*Problem details:* Return the lines below exactly, please, from the one containing "Elsewhere investors will" through the last one, both included, and leave out any pictures.

*Stored data:*
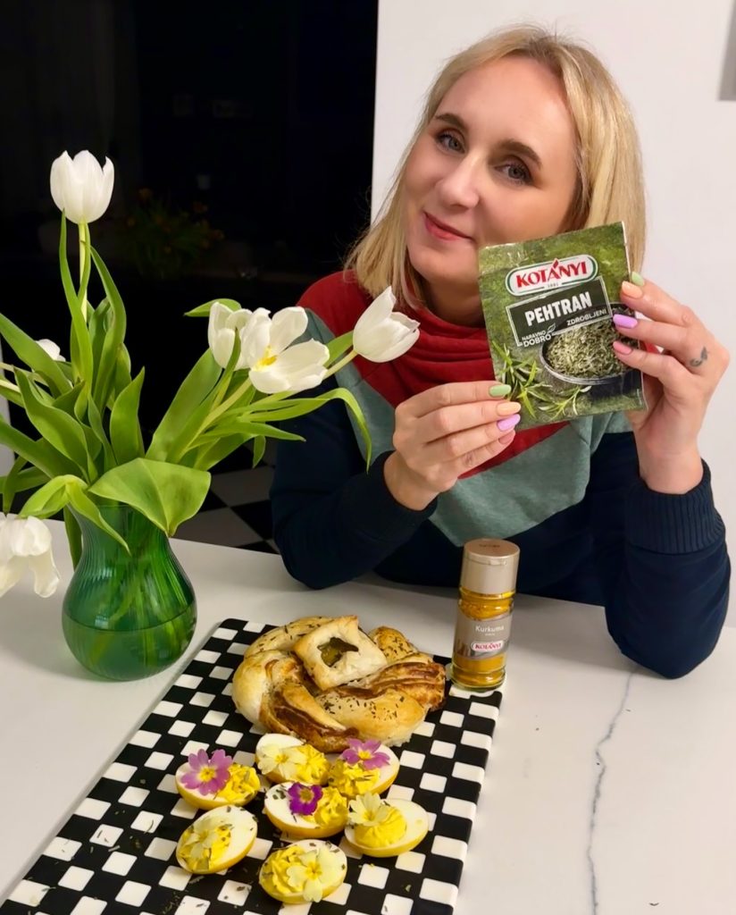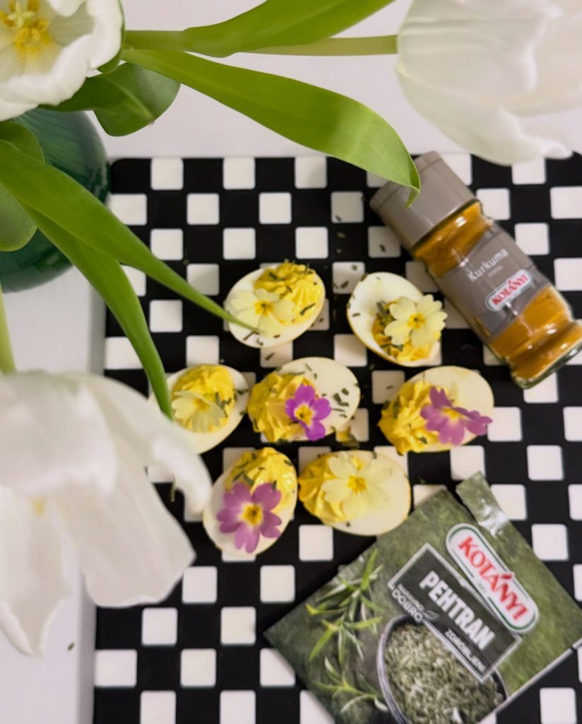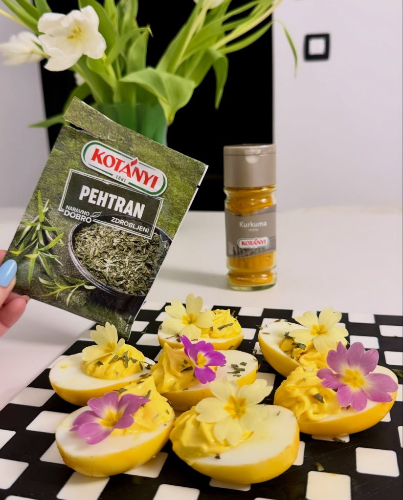 🥚 VELIKONOČNA JAJCA S PEHTRANOM 1. Trdo kuhana jajca → olupljena 2. Namakaš 30 min v Kotanyi kurkumi (več kurkume = bolj intenzivna barva ✨) 3. Rumenjake zmešaš z:
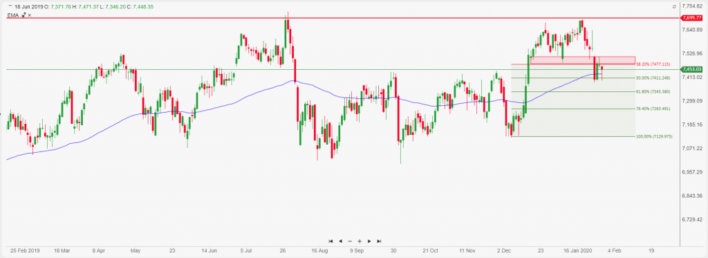 Elsewhere investors will keep an eye on today’s BoE meeting, the last one before the UK formally exits the EU. This meeting is likely to increase volatility towards GBP assets as the outcome, with a 50% chance of a 0.5 basis point cut, remains very uncertain to investors. While the impact of this anticipated meeting has already had a negative impact on Sterling this week, it could give a solid mechanical boost to UK shares. So far, the FTSE-100 Index is flirting with the 7,450pts level after rebounding over the 7,410pts zone. However, the market will have to clear the resistance zone at 7,475pts–7,510pts in order to reach previous highs towards 7,700pts and beyond.
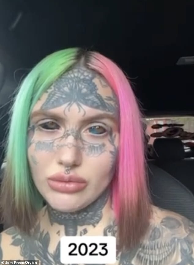 Тату-модель рассказала, что потратила более 50 000 долларов и 10 лет на изменение своего тела. Она постоянно слышит критику в свой адрес. Ей говорят, что раньше она выглядела лучше, но это её ничуть не заботит.

*Answer to this problem:*
 Elsewhere investors will keep an eye on today’s BoE meeting, the last one before the UK formally exits the EU. This meeting is likely to increase volatility towards GBP assets as the outcome, with a 50% chance of a 0.5 basis point cut, remains very uncertain to investors. While the impact of this anticipated meeting has already had a negative impact on Sterling this week, it could give a solid mechanical boost to UK shares. So far, the FTSE-100 Index is flirting with the 7,450pts level after rebounding over the 7,410pts zone. However, the market will have to clear the resistance zone at 7,475pts–7,510pts in order to reach previous highs towards 7,700pts and beyond.
 Тату-модель рассказала, что потратила более 50 000 долларов и 10 лет на изменение своего тела. Она постоянно слышит критику в свой адрес. Ей говорят, что раньше она выглядела лучше, но это её ничуть не заботит.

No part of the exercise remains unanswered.